Park in Kishtwar, Jammu and Kashmir, India

Chowgan is a large ground and tourist attraction in the Kishtwar town, in the Jammu division of Jammu and Kashmir, India, surrounded by chinar, cedar and other trees. It measures about 65 acre. This ground is also used as a grazing ground for livestock like cows and goats. At the south side of the ground is the shrine of the Sufi saint Farid-ud-Din Baghdadi.

==Name==
"Chowgan" literally means "polo"; this ground was used to play chovgan, a polo-like game, in ancient times.

==History==
According to official government data, this place was a lake in ancient times, namely Goverdhansar Lake, but due to a natural disaster, the water of the lake flowed out leaving a large open area, which was named as Chowgan.

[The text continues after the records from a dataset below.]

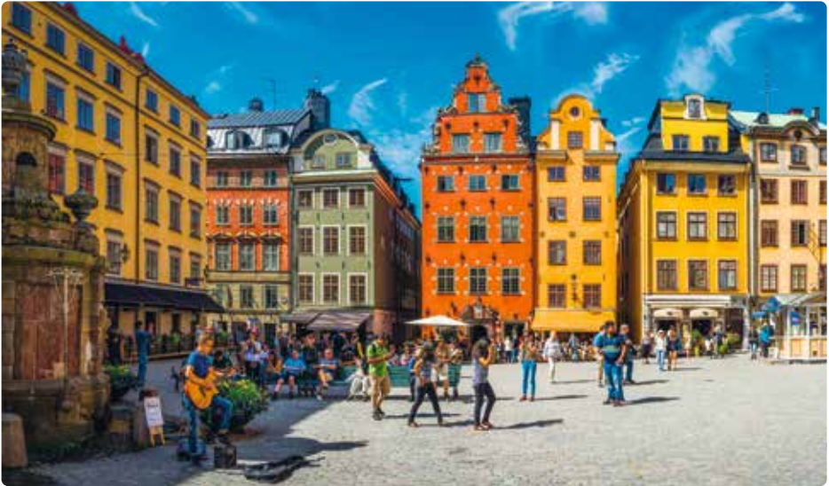
▲ Bontgekleurde gevels sieren de Gamla Stan.

door haar strategische ligging raakte de stad steeds weer in oorlogen verwickeld. Als dank omdat Stockholm bij de opstand tegen de Deense koning de zijde van de rebellen had gekozen, werd de stad in 1436 aangeduid als hoofdstad van Zweden.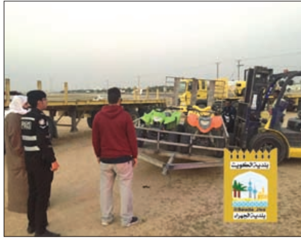
ليات البلدية تصادر بقيات في كبد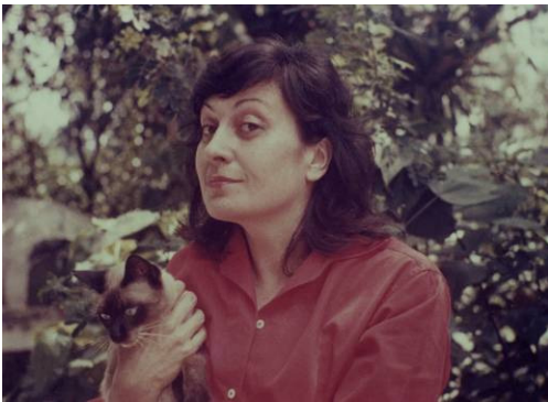
Lina Bo Bardi, 1960

You can find all images in the online download http://www.pinakothek.de/presse These images may be used free of charge for editorial reporting on this exhibition, on condition that the photographer and the copyright holder are credited as the source.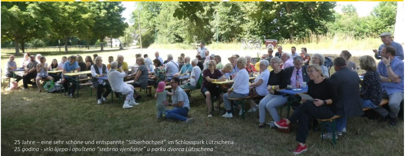
25 Jahre – eine sehr schöne und entspannte “Silberhochzeit” im Schlosspark Lützschena 25 godina - vrlo lijepo i opuštено “srebrno vjenčanje” u parku dvorca Lützschena

Liebe Mitglieder, liebe Freundinnen und Freunde der Städtepartnerschaft in Leipzig und Travnik, Poštovani članovi, dragi prijatelji bratimljenja Lajpciga i Travnika,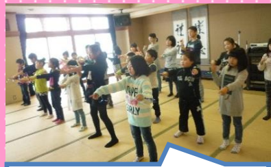
児童室で大人気だった「恋ダンス」をみんなで踊ったよ！

1月21日、大浜会のみなさんとの交流会「風の子会」がありました。たくさん遊んでもらった後はカレーライスをごちそうになりました。また、この日のために一生懸命練習したダンスをお披露目。あたたかい拍手をいただき、とっても嬉しそうなお子様もたくさんでした。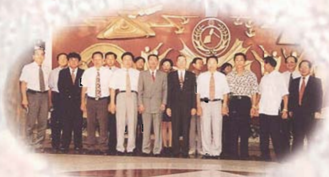
全體議員於台北縣議會參訪合影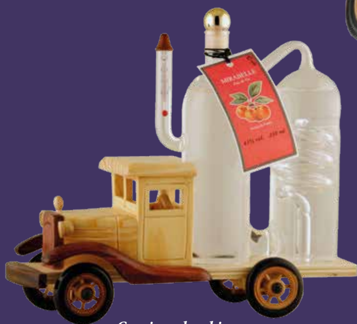
Camion alambic avec eau de vie de Mirabelle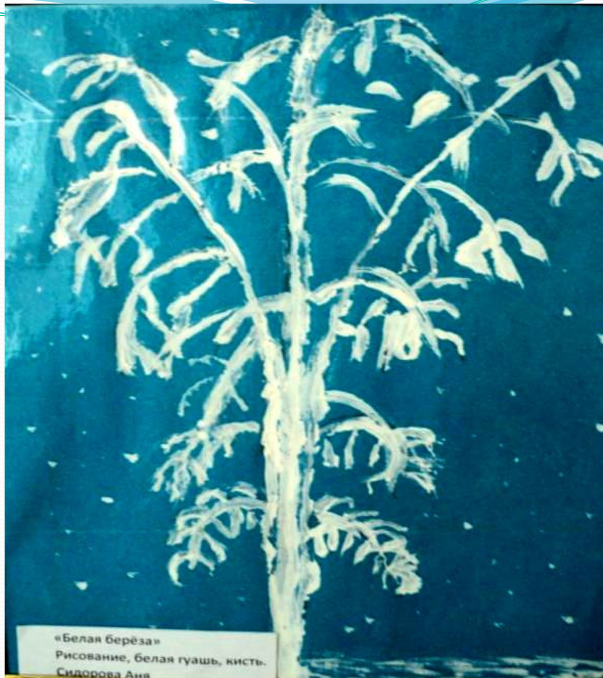
«Белая берёза» Рисование, белая гуашь, кисть. Сидорова Аня

Сидорова Аня, 5 лет, ДОУ №12 «Белая берёза». Рисование, гуашь.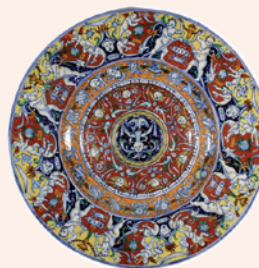
Ekspozat iz Zbirke Muzeja keramike u Montelupu

Zadovoljstvo nam je što PBZ u suradnji s Talijanskim institutom za kulturu u Zagrebu podupire ovaj projekt te vam poklanja besplatan ulaz na izložbu od 16. do 9.6.2019. uz predočenje kupona u ovom izdanju PBZ novosti. Za više informacija posjetite www.muoh.hr .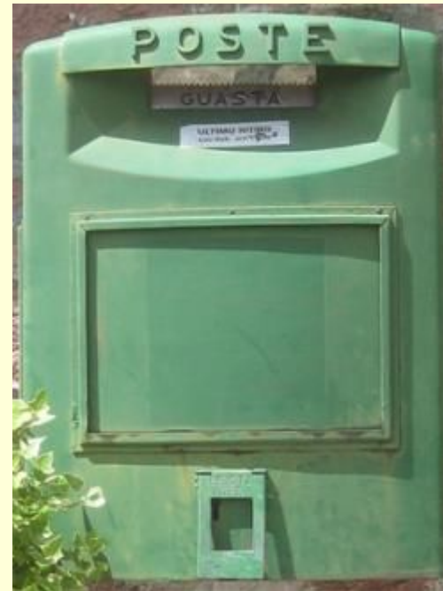
Tavernola Bergamasca BG 2010 Druogno VB, frazione di Sagrognò 2010 (da Ugo Delpini)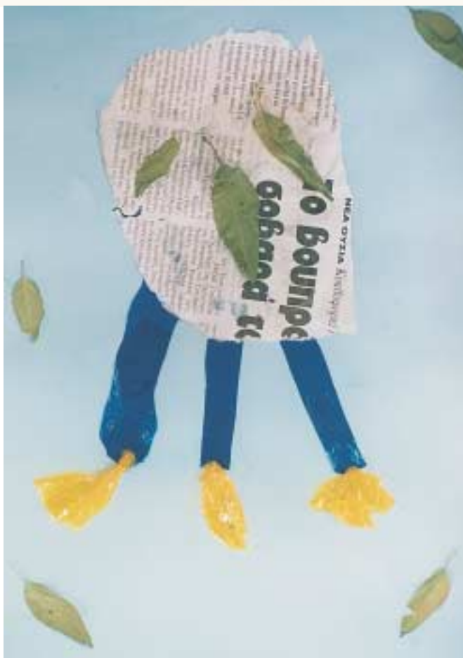
Σύνθεση με επίπεδο κολάζ.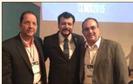
Uciatempos pos aturibusdam nes dolut omnim dolut aut molest, quis ma inctati untotat escimetur velitior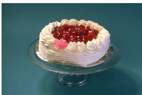
Kaffe og kake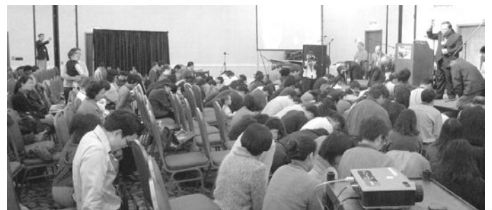
賴木森牧師為回應呼召的信徒禱告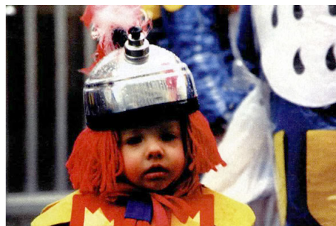
Od 19. do 24. februarja poteka karneval vseh karnevalov; pravijo, da je pomanjšani Rio de Janeiro.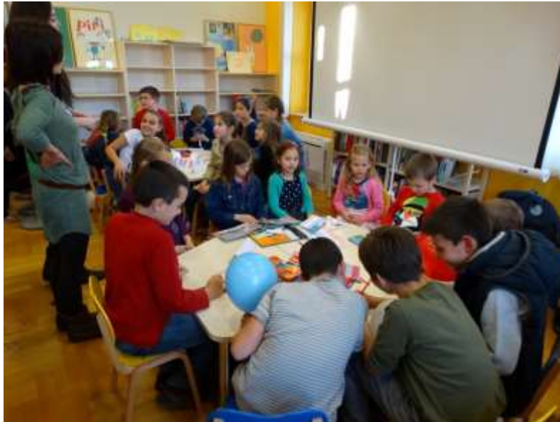
Promotivni sat projekta Upoznajmo Francusku i francuski jezik

U suradnji s Odsjekom za francuski jezik i književnost Odjela za francuske i iberoromanske studije, Sveučilišta u Zadru u 2014. godini planiran je projekt Upoznajmo Francusku i francuski jezik za djecu od šeste do desete godine života. Cilj projekta je upoznavanje s francuskim jezikom i kulturom. Promotivni sat održan je 20. ožujka ove godine i polučio je veliki interes djece i roditelja, no početak projekta je odgođen iz financijskih razloga.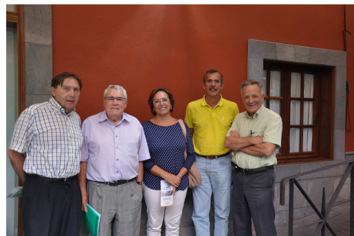
Miembros de la Junta Directiva y del Patronato presentes en el acto

En el convenio se especifica que la colaboración que se establece se fundamenta en la voluntad de las dos partes por trabajar en pro de este objetivo que comparten: ayudar solidariamente a actividades de educación y sanidad en Iberoamérica. En esta edición, existe una cláusula según la cual al convenio se le da vigencia en los años 2014 y 2015.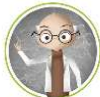
MONITOR/A O COORDINADOR/A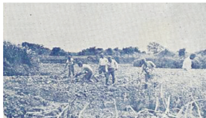
▲臺灣農業義勇團新竹州隊的耕種情形（上圖）；義勇團團旗（左圖）。

中日戰爭初始，日本陸續占領上海、南京、徐州、安慶、武漢等地，但國民政府在被占領區採取焦土政策，驅離農民，使得日軍無法在占領區取得物資，支援快速移動的軍隊。1938年，中支派遣軍決定在現地生產糧食、蔬果，以解決日軍的補給問題，要求臺灣總督府協助。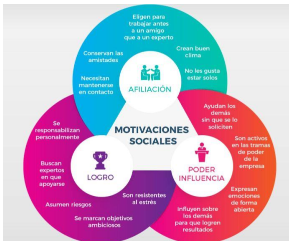
Figura 4. Teoría de las tres necesidades de McClelland.

Dotes de mando y liderazgo. Búsqueda de organización, efectividad y obediencia. Disfrutan de la responsabilidad, los altos cargos, tratan de influir en los demás y se preocupan más por lograr dichas influencias que por su propio rendimiento. El poder que buscan puede ser personal o institucional.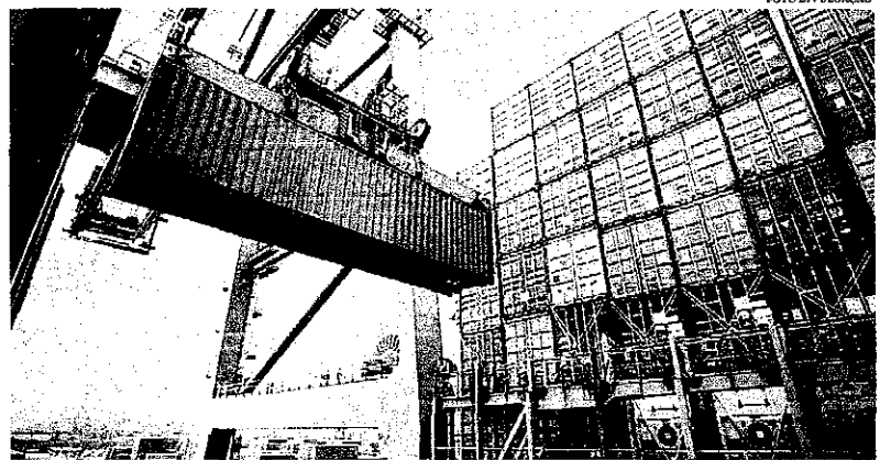
Nos cálculos da Abinec, no médio prazo o acordo pode levar a um aumento de 25% a 30% das exportações do setor eletroeletrônico para a UE

O governo brasileiro identificou potencial para ampliar mercado em diversos segmentos da indústria, desde aviação até siderurgia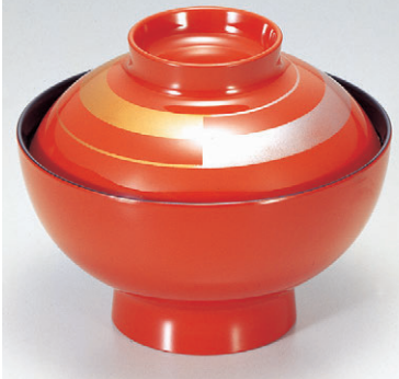
8-273-4 1-174-12 TM 花仙才碗 朱帯市松 S・H 塗 ¥3,650 (12φ×10.2) 梱100 260cc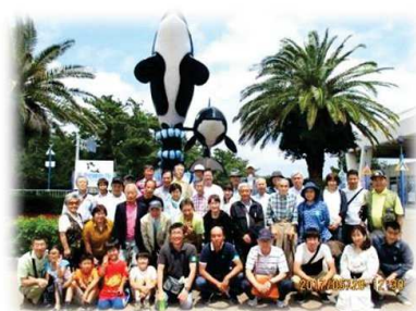
鴨川シーワールドにて

を訪ねました。緑の谷間を流れ落ちる滝は日差しの加減で「滝の辺にハートが見える」とロマンス好きの人に人気とか。帰りは落花生を土産に、再びアクアラインを通して花園橋に全員無事帰着。また今期も町会活動の健闘を誓い解散しました。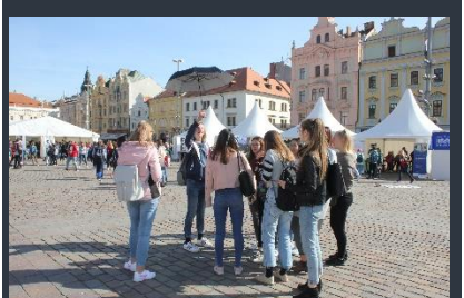
Žáci 1 ZDL si dopoledne užili...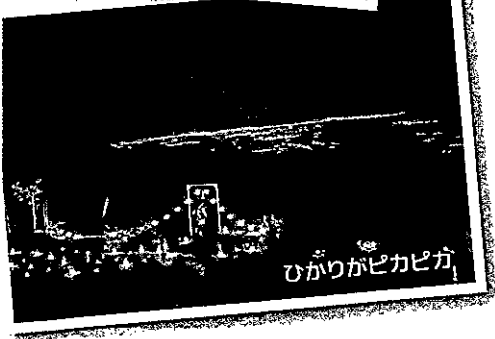
ひかりがピカピカ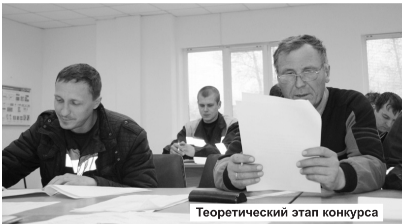
Теоретический этап конкурса

Хакасское предприятие магистральных электрических сетей накануне Дня автомобилиста организовало первый конкурс водительского мастерства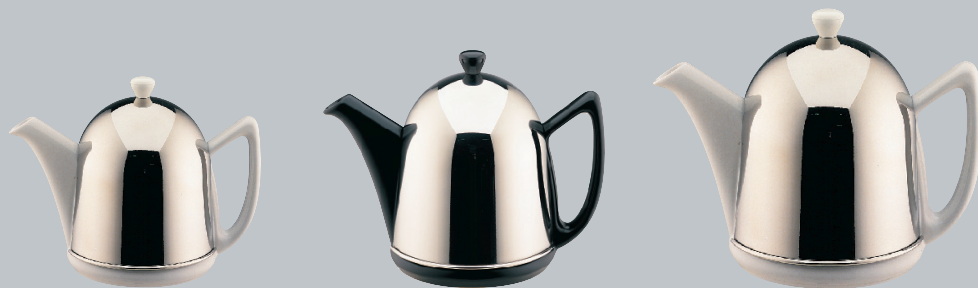
■ Cosy® Manto brillant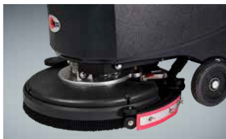
Eszközmentes felszívó fej karbantartás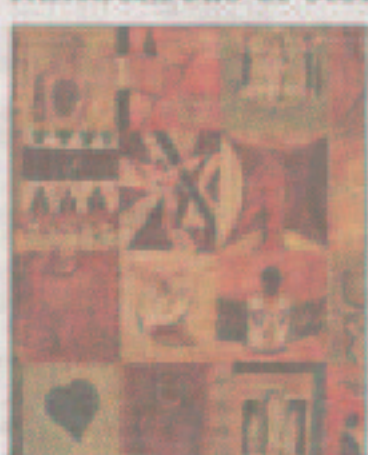
Franck Thierry: Olie på lærred Format: 50 x 60 Kr. 3.800

Franck er en af vores første udstillere, han er meget produktiv og hans kundekreds er stor.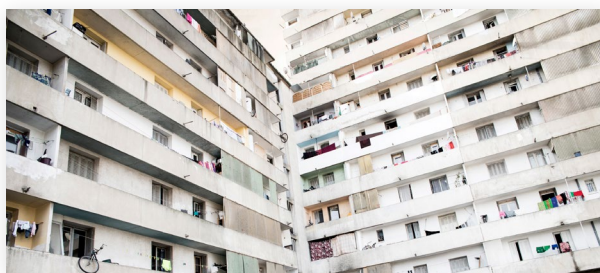
Kader št. 1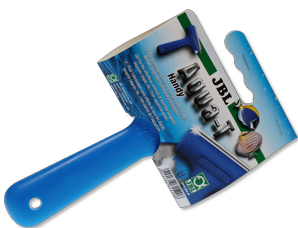
JBL Aqua-T Handy Limpiacristales con cuchilla de acero fino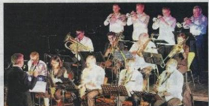
Le Big Band comprend des saxophonistes, des trompettistes, des trombonistes.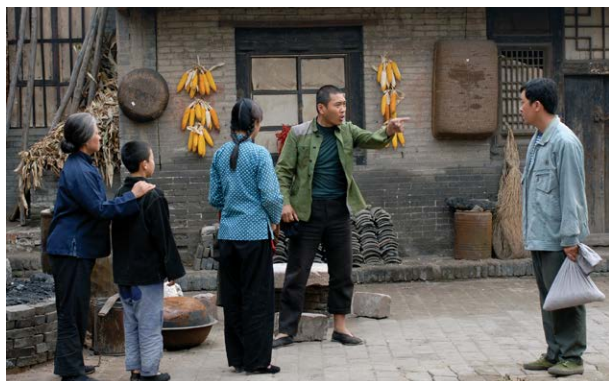
碗碗腔音乐电视《酸枣坡》剧照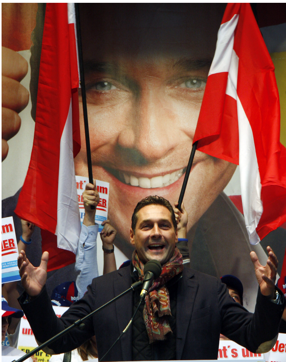
HC Strache leder österrikiska FPÖ.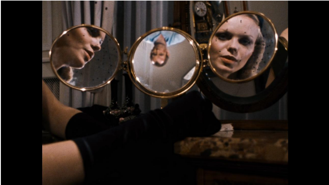
3 Capture écran film Le monde sur le fil de R.W. Fassbinder, 1973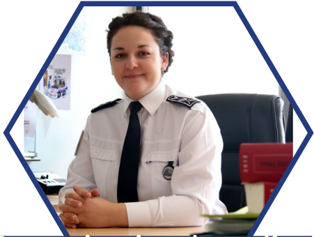
Commissaire de police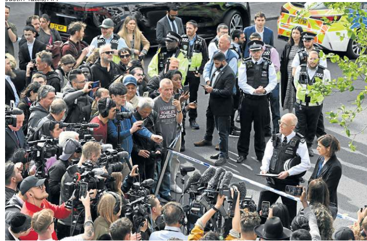
A polícia londrina cerca a área do ataque: onda de antisemitismo

ele expressa a mais sincera gratidão àqueles que prestaram ajuda de forma tão altruísta”, afirmou um porta-voz do monarca.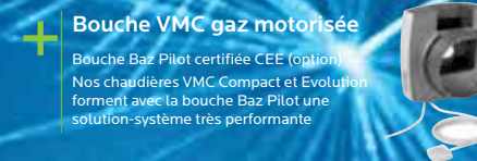
Bouche VMC gaz motorisée

Bouche Baz Pilot certifiée CEE (option) Nos chaudières VMC Compact et Evolution forment avec la bouche Baz Pilot une solution-système très performante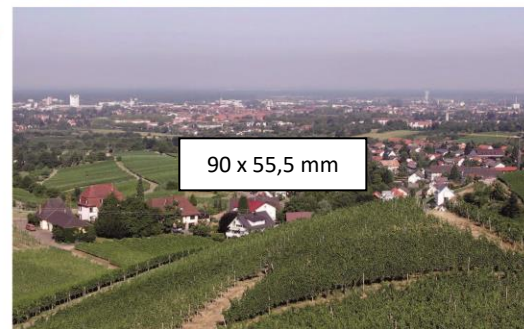
90 x 55,5 mm

There is a ban imposed by the local administration on the entrance of non-essential vehicles to this ground.

==Location==
This ground is located about 1500 m from the bus stand in downtown Kishtwar, and National Highway 244 runs along it from the south-east to the west. There is a small helipad on the northern side. This ground is the shortcut to various areas. The Bun Astan, Matta, and Sarkoot areas linked to it, as well as the Dak Bunglow and Kuleed. A small park known as Char Chinar is located at the north-east of this ground.

==Events==
The Chowgan ground is used for Eid and Muslim funeral prayers, and by the Hindus of Kishtwar town for Dussehra and Rama Navami. Every year, cricket tournaments are organized on the ground, and other games like football, lawn tennis, and baseball are played here throughout the year.